[SUPPLIED MATERIAL]

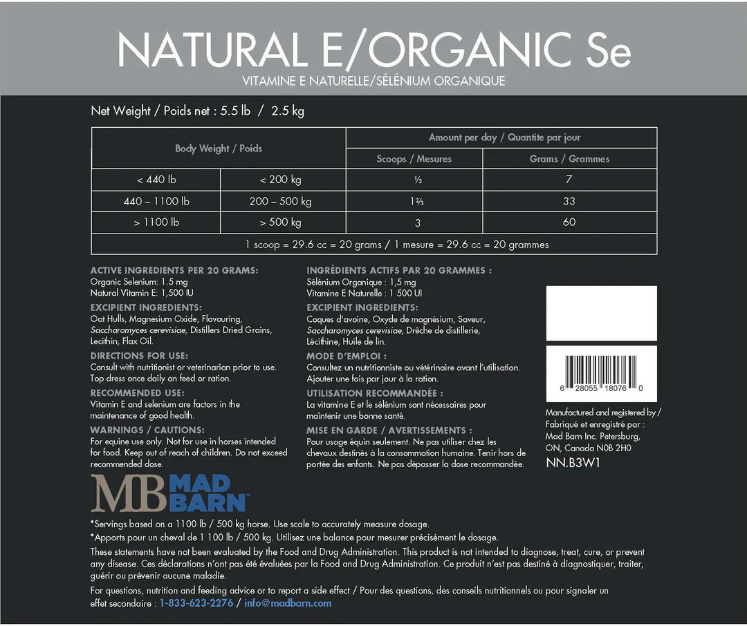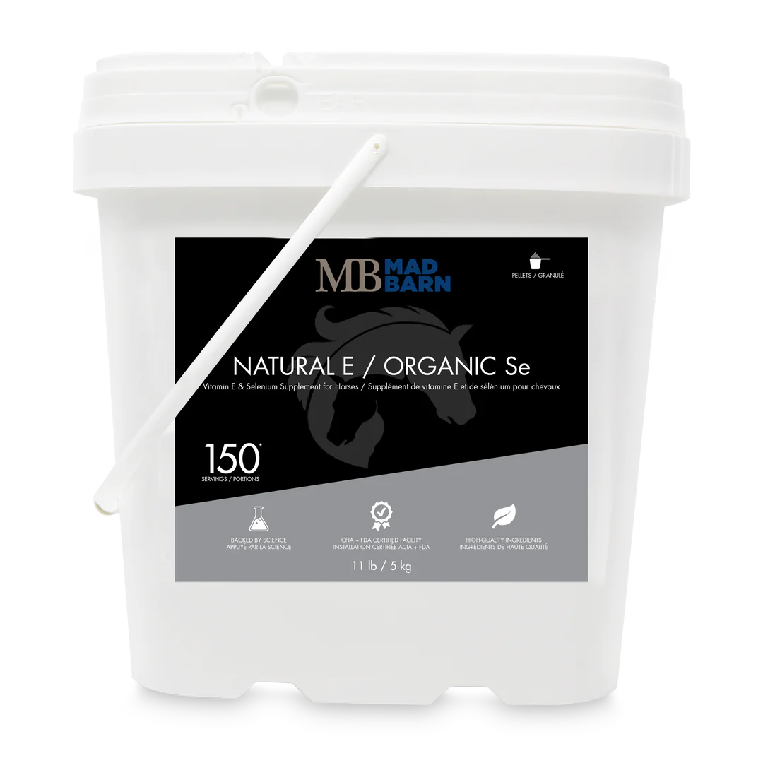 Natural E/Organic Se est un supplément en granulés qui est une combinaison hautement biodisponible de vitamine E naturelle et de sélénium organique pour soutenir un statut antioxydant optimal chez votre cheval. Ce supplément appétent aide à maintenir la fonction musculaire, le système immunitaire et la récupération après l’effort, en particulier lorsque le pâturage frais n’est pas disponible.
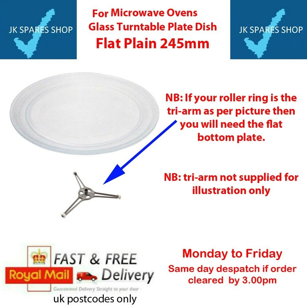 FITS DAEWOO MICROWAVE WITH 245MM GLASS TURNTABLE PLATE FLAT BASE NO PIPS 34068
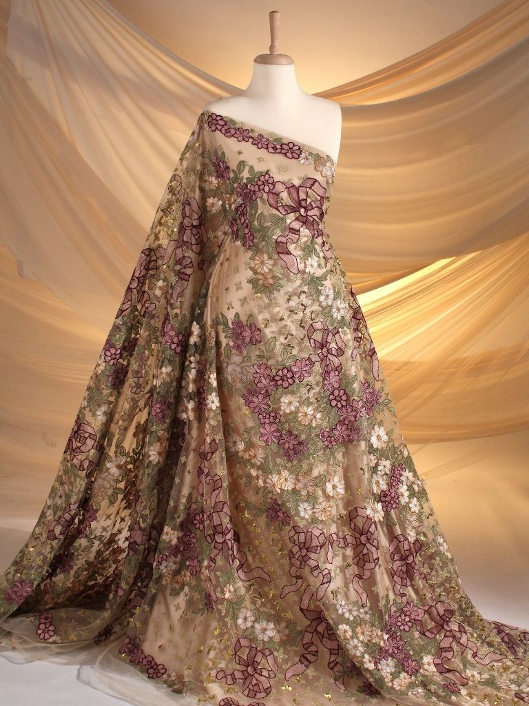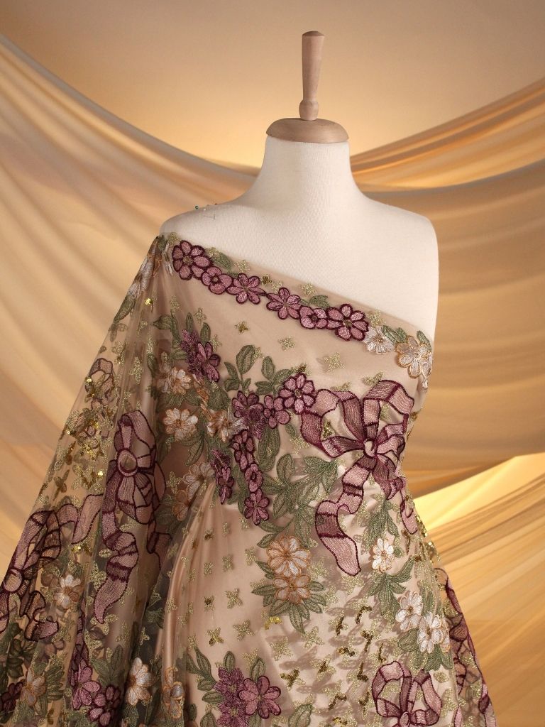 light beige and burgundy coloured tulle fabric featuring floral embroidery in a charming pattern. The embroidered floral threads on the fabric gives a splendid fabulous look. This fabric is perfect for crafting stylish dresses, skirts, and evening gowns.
==
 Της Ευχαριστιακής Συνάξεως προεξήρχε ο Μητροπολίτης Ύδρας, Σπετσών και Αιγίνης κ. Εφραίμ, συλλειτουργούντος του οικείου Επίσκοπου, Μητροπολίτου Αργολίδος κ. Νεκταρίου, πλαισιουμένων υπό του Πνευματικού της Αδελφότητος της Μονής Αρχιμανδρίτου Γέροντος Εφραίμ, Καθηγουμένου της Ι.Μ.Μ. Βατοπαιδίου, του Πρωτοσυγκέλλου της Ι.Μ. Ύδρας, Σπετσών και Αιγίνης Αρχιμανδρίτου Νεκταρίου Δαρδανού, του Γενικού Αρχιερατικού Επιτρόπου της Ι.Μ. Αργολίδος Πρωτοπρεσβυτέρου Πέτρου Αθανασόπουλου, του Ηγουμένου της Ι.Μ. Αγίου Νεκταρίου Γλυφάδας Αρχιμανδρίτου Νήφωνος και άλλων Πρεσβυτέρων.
...
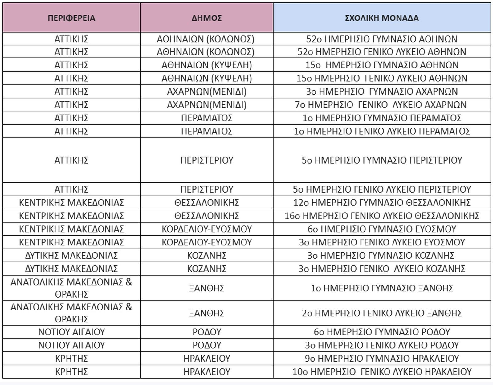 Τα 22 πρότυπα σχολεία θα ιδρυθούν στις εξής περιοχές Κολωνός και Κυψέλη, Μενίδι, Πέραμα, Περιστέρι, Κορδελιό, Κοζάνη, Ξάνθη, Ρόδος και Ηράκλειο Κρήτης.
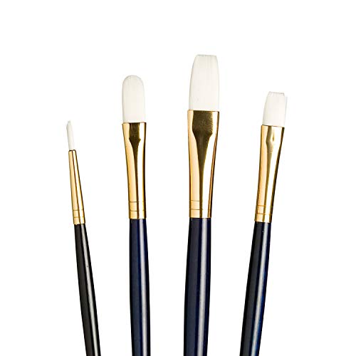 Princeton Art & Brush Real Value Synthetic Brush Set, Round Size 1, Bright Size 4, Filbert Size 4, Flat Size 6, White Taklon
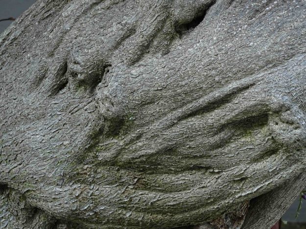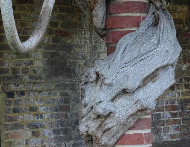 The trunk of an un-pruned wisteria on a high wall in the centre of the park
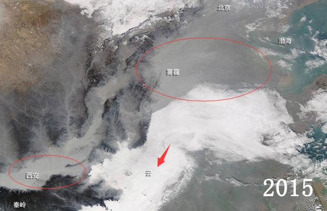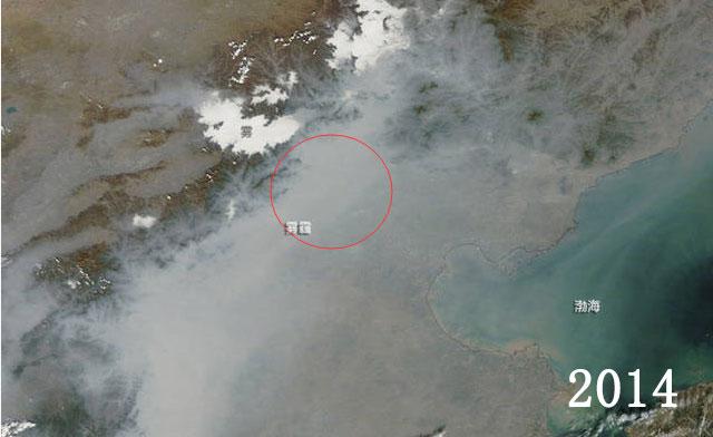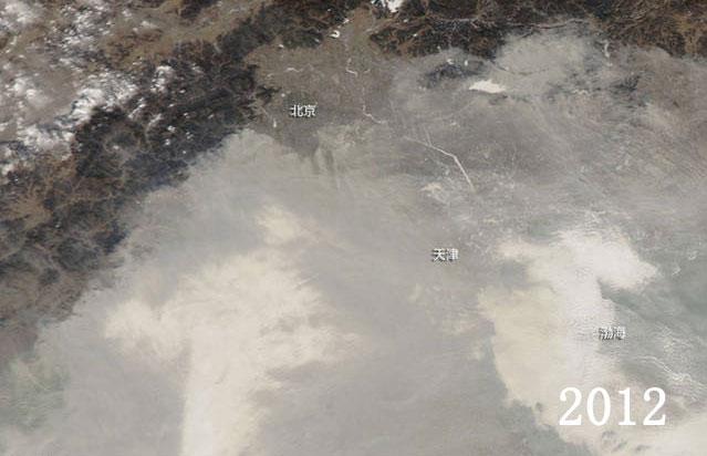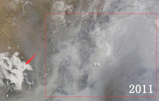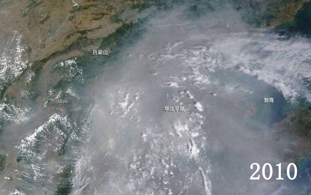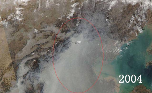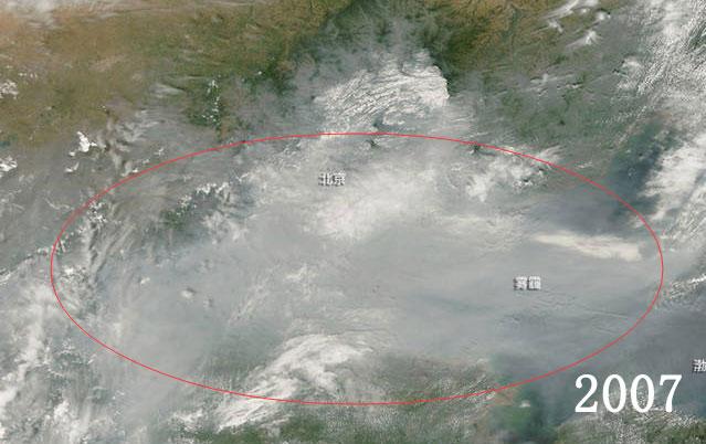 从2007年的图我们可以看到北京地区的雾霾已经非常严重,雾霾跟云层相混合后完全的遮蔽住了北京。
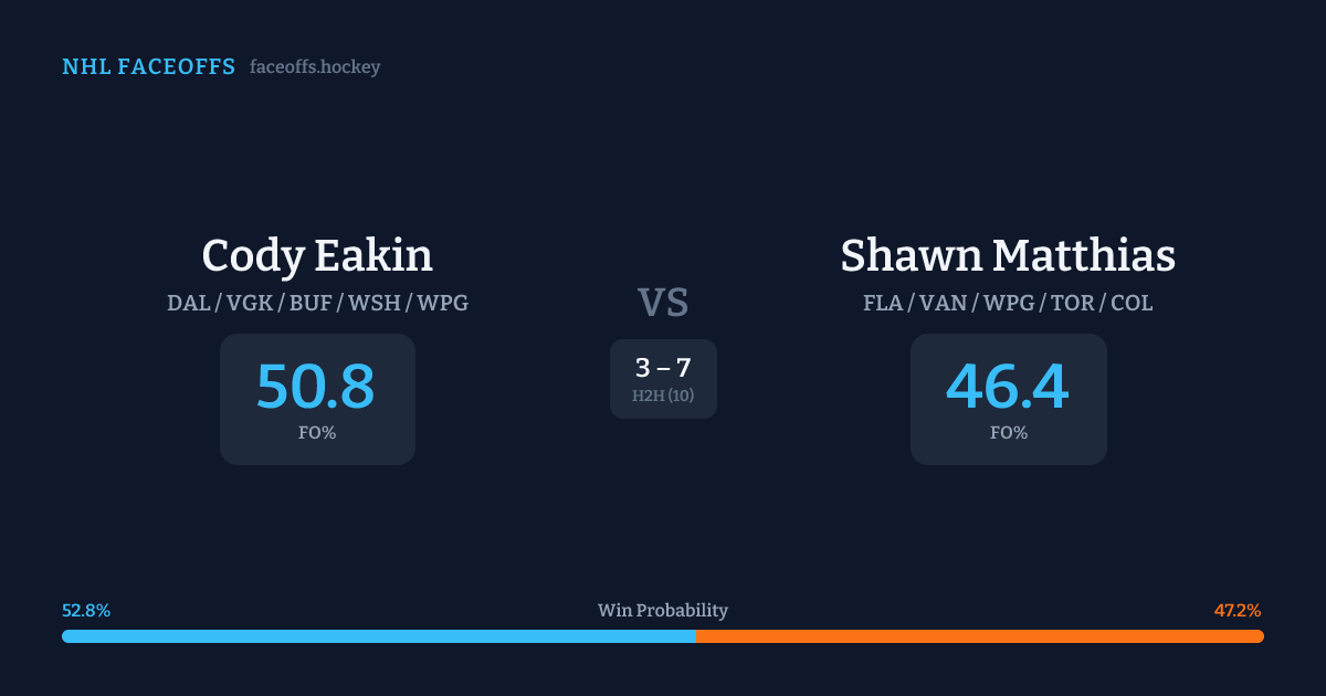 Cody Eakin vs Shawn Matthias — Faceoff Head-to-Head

[WHAT IS NEEDED] Print, word for word, the lines above that run from the line containing "Natural E/Organic Se" to the line containing "light beige and", both included. Keep the pictures out.

[OUTPUT FOR THIS EXERCISE]
 Natural E/Organic Se est un supplément en granulés qui est une combinaison hautement biodisponible de vitamine E naturelle et de sélénium organique pour soutenir un statut antioxydant optimal chez votre cheval. Ce supplément appétent aide à maintenir la fonction musculaire, le système immunitaire et la récupération après l’effort, en particulier lorsque le pâturage frais n’est pas disponible.
 FITS DAEWOO MICROWAVE WITH 245MM GLASS TURNTABLE PLATE FLAT BASE NO PIPS 34068
 light beige and burgundy coloured tulle fabric featuring floral embroidery in a charming pattern. The embroidered floral threads on the fabric gives a splendid fabulous look. This fabric is perfect for crafting stylish dresses, skirts, and evening gowns.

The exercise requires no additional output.